In 1938, Lebrun moved to Santa Barbara, California, where he joined the faculty of Chouinard Art Institute. He became a United States citizen in 1939. These changes in circumstance marked the beginning of his most productive years. Lebrun's professional evolution defies convenient classification. Embracing both traditional and modern concepts of art, and in the end equally at ease with both, he drew inspiration from quarters as diverse as the Italian baroque masters, Paul Cezanne, and Pablo Picasso. From the powerful realism that characterized the drawings of his first one-man exhibitions of the early 1940's, his art had by the decade's end become a mixture of abstraction and expressionism.
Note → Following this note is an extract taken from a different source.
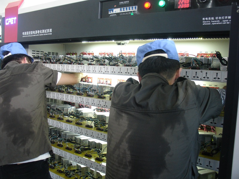 7月29日,走進老化室內,一股熱浪撲面而來。室內38℃,老化柜內48℃,用“揮汗如雨”來形容在這里工作的同事們一點都不夸張。在這通風并不好的環境下,汗水早已浸濕了他們的衣服,額頭上的汗珠不停的滴落下來,然而艱苦的環境并沒有影響到他們的工作,他們只是伸手拭去汗水,繼續手頭上的工作。

Nevertheless, Lebrun never entirely forsook realistic forms, and in his later years he periodically worked out inventive "revisions" of the works of Goya.
In 1947 Lebrun began his "Crucifixion cycle. " For some three years he devoted himself almost entirely to variant portrayals of Christ's martyrdom. The exhibition of this phase of his work in 1950, at the Los Angeles County Museum of Art and the de Young Museum in San Francisco, won him an international reputation.
In 1951 he was appointed director of the Jepson Art Institute in Los Angeles, where he had been teaching since 1947. In the early 1950's he also taught at the Instituto Allende in Mexico. There a new vividness of light and color entered his work, and he began to experiment in collage. On his return to California, Lebrun embarked on a series of drawings and paintings depicting the horrors of the Nazi concentration camps. His thematic concern was not so much man's cruelty to man as the indomitability of the human spirit.
Among the greatest achievements of Lebrun's final period was his mural portrayal of Genesis for Pomona College in California. With this work, one critic claimed, the artist had come closer than ever before to achieving an "essential synthesis of intent and accomplishment. " The success of this venture proved something of a catalyst; and in Lebrun's subsequent work, mainly graphic interpretations of literary images from Dante, Herman Melville, and Bertolt Brecht, the unity of purpose and expression reached still greater heights.
Throughout his career Lebrun remained indefatigably adventurous. In the two years before his death, he began experimenting in sculpture. Immediately at home in this medium, he worked with amazing rapidity. Lebrun died in Malibu, California.
Lebrun was a main figure in the early Los Angeles modern art history. Many of his works addressed issues that dealt with the human condition. He was best known for his series of paintings on "The Crucifixion. " The thirty-odd figures in wax and bronze left at his death were considered to be among his most impressive work.
(Black Cloth. 4 original lithographs, signed in the plate,...)
(art book)
His first wife, Portia Novello, was a commercial artist. They had no children. They divorced in 1937. In 1940 he married Elaine Leonard Corbino. They had no children. She died in 1946. On July 19, 1948, Lebrun married Constance Johnson Hovey, and shortly thereafter adopted her son by a previous marriage.